> **Task**
Repeat the following data exactly, omitting pictures.
[Given material Boundary: Start]
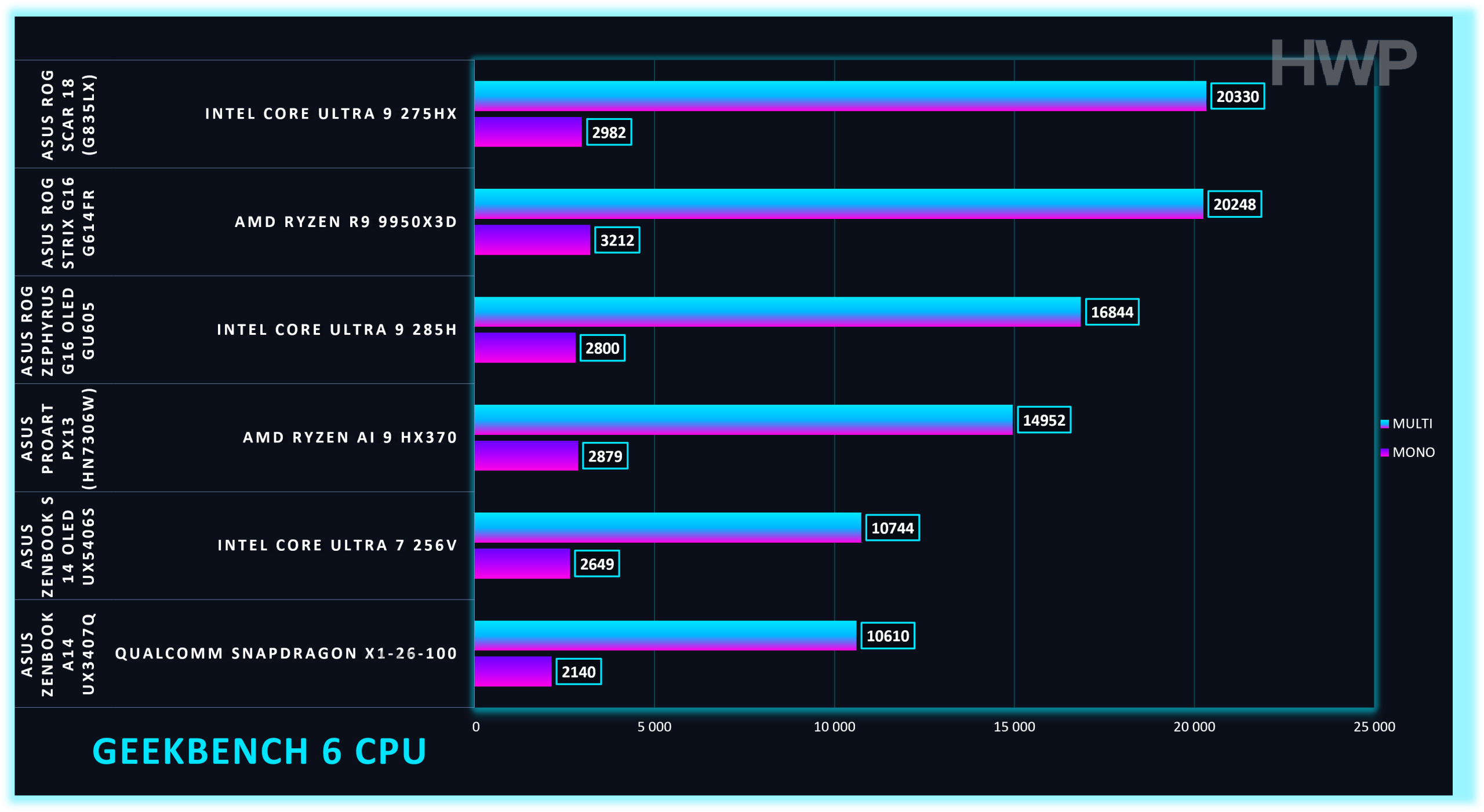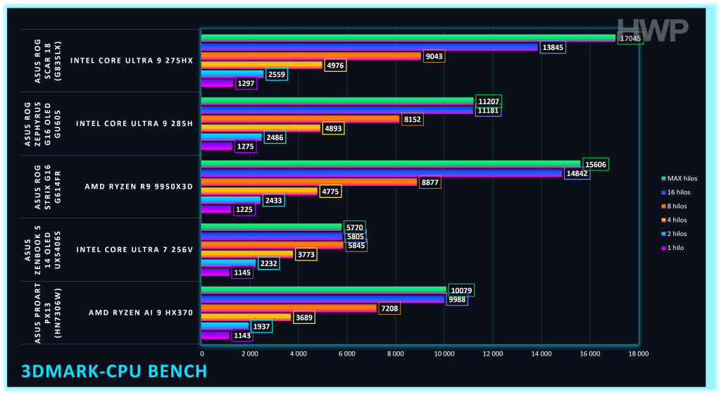 Las pruebas sintéticas sitúan al AMD Ryzen AI 9 HX 370 del ASUS ProArt P16 H7606WX en una posición clara dentro del mercado. No compite con CPUs HX de alto consumo, pero ofrece un rendimiento muy sólido para su formato.
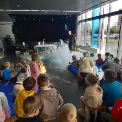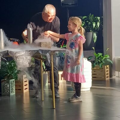 Dziś w naszym przedszkolu działo się naprawdę dużo! Wszystkie dzieci uczestniczyły w uroczystym otwarciu nowego placu zabaw. To jednak nie koniec atrakcji! Po wspólnej zabawie dzieci obejrzały fascynujący pokaz z ciekłym azotem. Na ich oczach działy się prawdziwe „cuda nauki” – dymiące naczynia, mroźne bańki i wybuchy śmiechu przy każdym doświadczeniu. To był dzień pełen emocji, zabawy i nauki, który na długo zostanie w naszej pamięci. Dziękujemy, że mogliśmy być częścią tego wyjątkowego dnia!
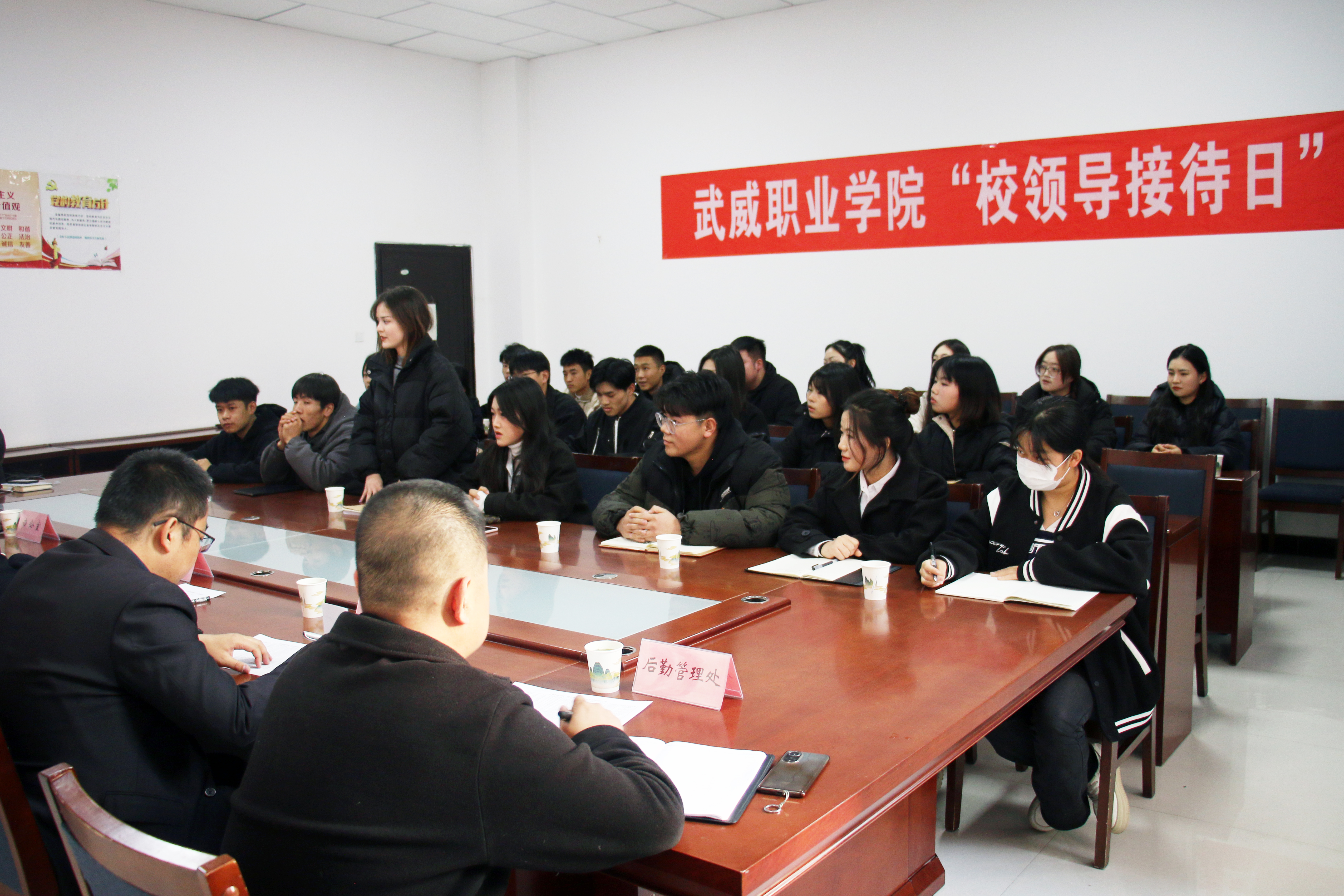 為切實做好“四下基層”工作,保障學生權益,進一步營造民主和諧的校園氛圍,提高校園服務質量和管理水平,學校于11月24日下午在學生發(fā)展中心103會議室舉辦了2023-2024學年第一期“校領導接待日”活動。校長、黨委副書記張開禮與來自各二級學院的22名學生代表進行了親切交流,辦公室、教務處、學生工作處、后勤管理處等相關部門負責人參加了活動。
[Given material Boundary: End]
> **Answer space**
 Las pruebas sintéticas sitúan al AMD Ryzen AI 9 HX 370 del ASUS ProArt P16 H7606WX en una posición clara dentro del mercado. No compite con CPUs HX de alto consumo, pero ofrece un rendimiento muy sólido para su formato.
 Dziś w naszym przedszkolu działo się naprawdę dużo! Wszystkie dzieci uczestniczyły w uroczystym otwarciu nowego placu zabaw. To jednak nie koniec atrakcji! Po wspólnej zabawie dzieci obejrzały fascynujący pokaz z ciekłym azotem. Na ich oczach działy się prawdziwe „cuda nauki” – dymiące naczynia, mroźne bańki i wybuchy śmiechu przy każdym doświadczeniu. To był dzień pełen emocji, zabawy i nauki, który na długo zostanie w naszej pamięci. Dziękujemy, że mogliśmy być częścią tego wyjątkowego dnia!
 為切實做好“四下基層”工作,保障學生權益,進一步營造民主和諧的校園氛圍,提高校園服務質量和管理水平,學校于11月24日下午在學生發(fā)展中心103會議室舉辦了2023-2024學年第一期“校領導接待日”活動。校長、黨委副書記張開禮與來自各二級學院的22名學生代表進行了親切交流,辦公室、教務處、學生工作處、后勤管理處等相關部門負責人參加了活動。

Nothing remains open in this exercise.